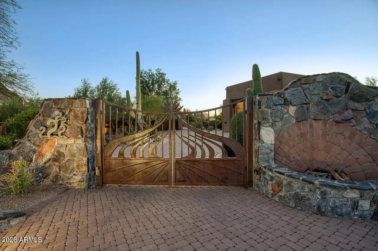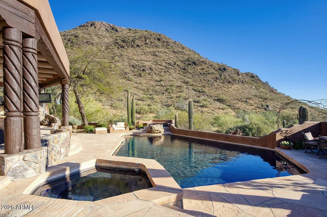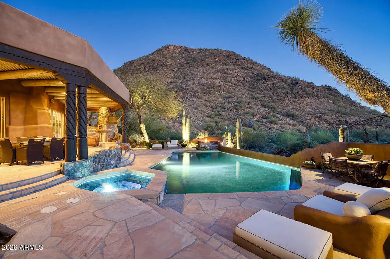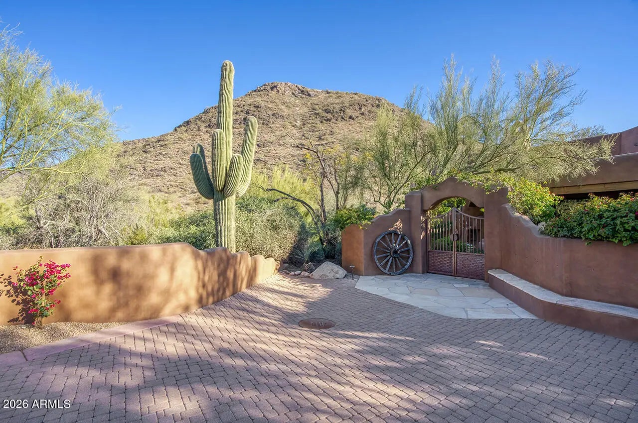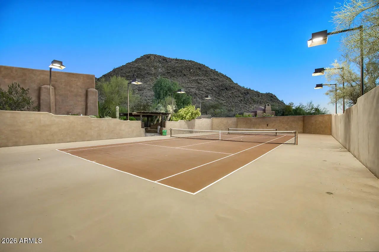 Tucked within the esteemed custom-home community of Pinnacle Peak Heights, Desert Tears is a truly extraordinary gated estate set on nearly seven acres at the base of the McDowell Mountains, where the land rises into one of the area's peaks and captures sweeping panoramic city-light views and the beauty of the Sonoran Desert. Rich with character and timeless charm, this one-of-a-kind residence is defined by artisan craftsmanship and distinctive architectural details throughout. Its name, Desert Tears, offers a subtle nod to the beauty and stillness of the desert landscape that inspired its creation. Thoughtfully designed for both elevated entertaining and comfortable everyday living, the home offers a desirable and dynamic layout. The primary suite is privately situated on the upper level opening to breathtaking valley, city-light, and mountain views--creating a serene retreat that feels both elevated and connected to the surrounding landscape. Two additional en-suite bedrooms are located on the main level, along with a separate guest house on the property, providing ideal accommodations for family and guests. At the heart of the home, a truly exceptional commercial-grade kitchen caters to the culinary enthusiast, featuring top-tier Montague appliances, infrared gas broilers, a French hot top with wok ring, six-burner configuration, and three ovens. A striking horseshoe bar seamlessly connects the kitchen and main living spaces, enhancing the home's natural flow and creating an inviting environment for gathering and entertaining. A 1,000-bottle temperature-controlled wine cellar further elevates the experience. Seamless indoor-outdoor living is showcased through a beautiful Arizona room that opens to expansive desert and city views beyond. Throughout the home, richly layered finishes include custom beamed ceilings, domed brickwork, and extensive stone elements--remarkably sourced directly from the property itself--creating an authentic connection to the surrounding McDowell Mountain terrain. The grounds are equally captivating, featuring seven fireplaces, two fire pits, and a stunning heated all-tile pool and spa designed for both relaxation and recreation. The approximately 9.5-foot diving pool is complemented by a sculptural, custom-designed diving feature, while an intriguing fire feature at the entry gate creates a dramatic and memorable arrival. A sunken, lighted tennis court--recently refurbished and thoughtfully designed for both tennis and pickleball--adds to the estate's exceptional recreational offerings. Car enthusiasts will appreciate the impressive 13-car garage capacity, highlighted by a show-stopping nine-car showcase garage complete with a modular kitchen and extensive storage, creating a truly unique space for display, entertaining, and functionality. Private, distinctive, and masterfully crafted, Desert Tears is a rare Scottsdale estate that blends architectural soul, natural beauty, and exceptional livability into an offering of uncommon significance.
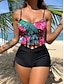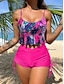 Női Fürdőruha Tankini 2 darab Rövidnadrágok Fürdőruha Hasszorító Magas derék Vékony Nyitott hátú Szabadság Strandruházat Virágos Mély dekoltázs Ujjatlan Fürdőruhák
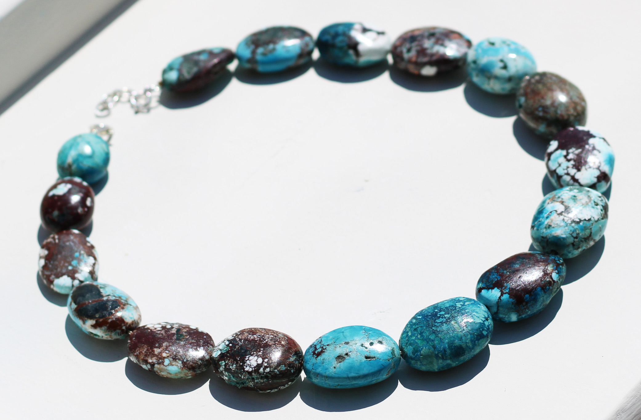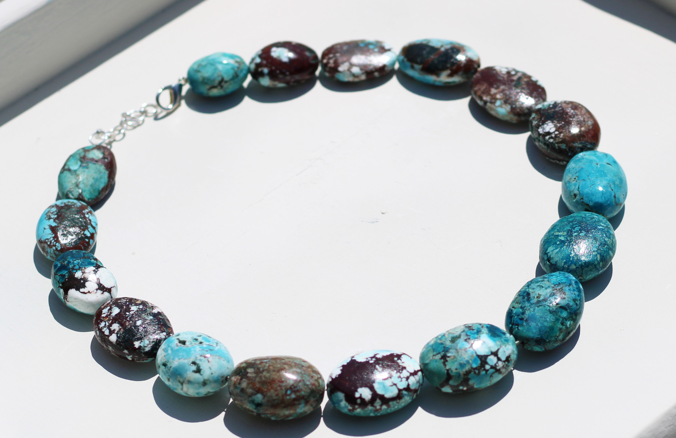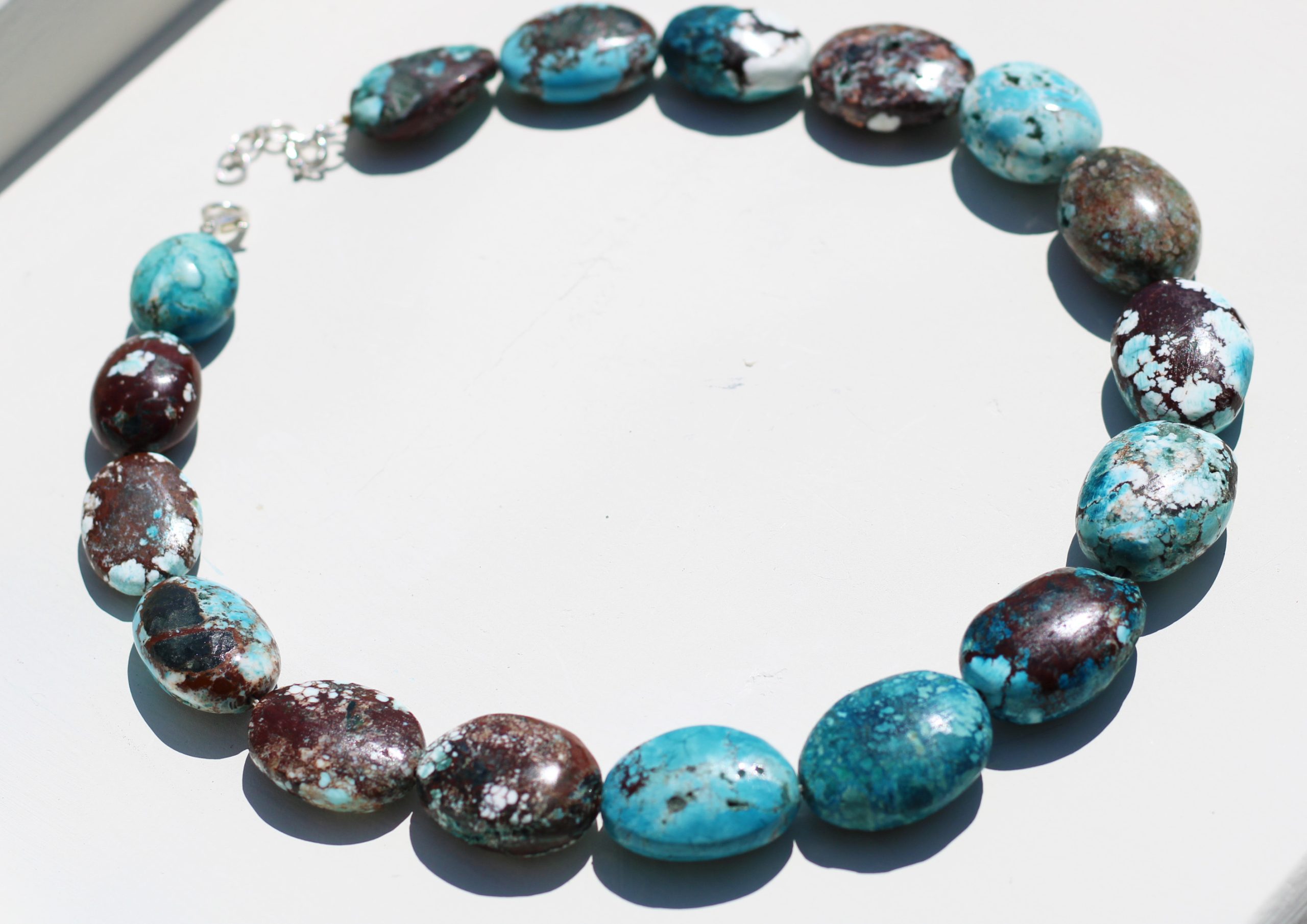These are vintage turquoise stones. Vintage chunky turquoise necklace is made of Tibetan Turquoise. Natural stone necklace is exceptionally shiny naturally.

■ **Exercise description**: Leave out every picture and copy verbatim the lines running from the line containing "Női Fürdőruha Tankini" through the final line of the data.

■ **Expected output**:
 Női Fürdőruha Tankini 2 darab Rövidnadrágok Fürdőruha Hasszorító Magas derék Vékony Nyitott hátú Szabadság Strandruházat Virágos Mély dekoltázs Ujjatlan Fürdőruhák
These are vintage turquoise stones. Vintage chunky turquoise necklace is made of Tibetan Turquoise. Natural stone necklace is exceptionally shiny naturally.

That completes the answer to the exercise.